Clark has averaged 32.2 points and 8.7 assists this last season, his fourth with the Hawkeyes, signing a mathematical progression (26.6 points the first year, 27.0 the second, 27.8 points the third... ) and when he scored (of course) the triple from the logo to beat Maravich's record, his university changed that tile of the pavilion from which he launched for one with his initials. His performance responds to natural talent, but also to obsessive work. There is no day that, beyond training under the orders of

Lisa Bluder

; Do not dedicate an hour to your shooting routines, 500 in total divided into five phases: 100 free throws (of which you must make 100), 100 mid-range (80), 100 triples (70), 100 after dribbling (75) and 100 more from the logo (50).

"You see her on the street and she wouldn't catch your attention. She's normal. She's not super athletic, she's not fast, she doesn't jump more than anyone else, but on the court she's a real animal. Many girls can identify with her. Her phenomenon is sweeping. Her expressive and free play is fun. There are people who are paying a lot of money to go see her live, because they know they are going to see a show," admits López, former Penya youth player and former ACB player with the Bilbao. "What she does with the three-point shot is crazy. But it is overlooking how good she is at controlling spaces, passing, rebounding... She is very good at everything, in an apparently weak body that is very strong. You have to have a lot of coordination and stability for that shooting range," admits Valdemoro, another legendary scorer, who speaks of Caitlin Clark's dimension far beyond the game. "It is incredible and it is changing on a global level the concept that people have of women's basketball, those who are unaware of it. No one has achieved that. The audiences, the resale of tickets... When you break the points record, you do it one day after

Mike James

beat the Euroleague. And the impact of both is incomparable," says someone who only finds parallels with a unique legend. "I can't compare her to anyone, not even Curry, what she's doing, no one has done it in women. Neither on nor off the court. "Maybe with

Larry Bird

, because of the

trash talking

, because of the physique and because You don't expect it," he concludes.

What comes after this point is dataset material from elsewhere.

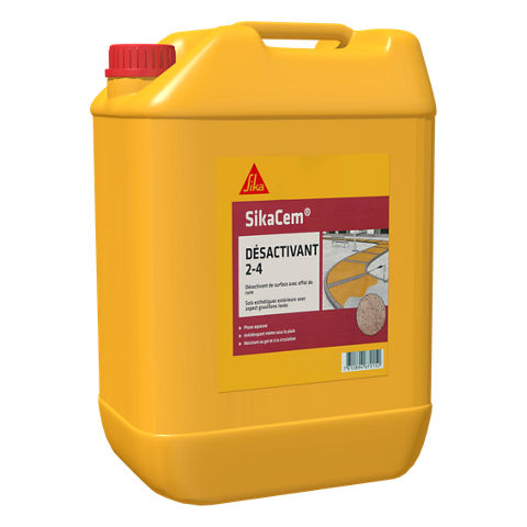 Το SikaCem® Désactivant 2-4 είναι επιφανειακός επιβραδυντής σκυροδέματος υδατικής βάσης, για δημιουργία επιφανειών με εμφανή αδρανή σε βάθος μεταξύ 2-4mm. Το SikaCem® Désactivant 2-4 διαθέτει επιπλέον εξαιρετικά χαρακτηριστικά βελτιωτικού ωρίμανσης.
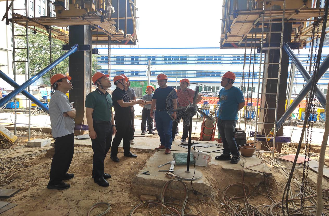 中輕武設(shè)李總一行來到巨成群控同步頂升工程試驗(yàn)項(xiàng)目現(xiàn)場,副總經(jīng)理廖杰洪介紹了頂升試驗(yàn)內(nèi)容和目的,并對群控同步頂升大型數(shù)控設(shè)備以及頂升原理等做了詳細(xì)講解。雙方在現(xiàn)場展開了熱烈討論,并就試驗(yàn)過程中的相關(guān)技術(shù)要點(diǎn)進(jìn)行了深入交流。

This impact elevates it to the rank of "pioneer." "When

Jordan

came to the NBA, very few African-American athletes had sponsors and he changed that. There are thousands of fans lining up to see Caitlin (one of the Iowa games this season broke the women's basketball attendance record with 55,646 spectators). ", legend

Nancy Lieberman

has said about the economic impact of Clark, whose NIL (name, image and likeness), the way in which NCAA athletes have already been paid since 2021, has no comparison. It is estimated that for the 11 agreements that she has signed, among them with Nike and Gatorade, she already earns more than three million dollars without having yet stepped foot in the WNBA. What's more, she rushed through her four years of college because, among other things, her income in the WNBA was not going to be too higher (the salary for the number one in the draft is $78,000...).

"He decided to create his own history, in a place where they have not yet managed to win (Iowa). That speaks of his character, he is not afraid of anything, he accepts any challenge. He did not want to go to UConn or Oregon," reflects Xavi López, who measures its phenomenon in terms of expectation: "The most important thing it has achieved is that there is more talk about the women's March Madness than the men's. That was unthinkable. And it is because of its level of stardom. There are more tickets sold for the women's F4 than the masculine."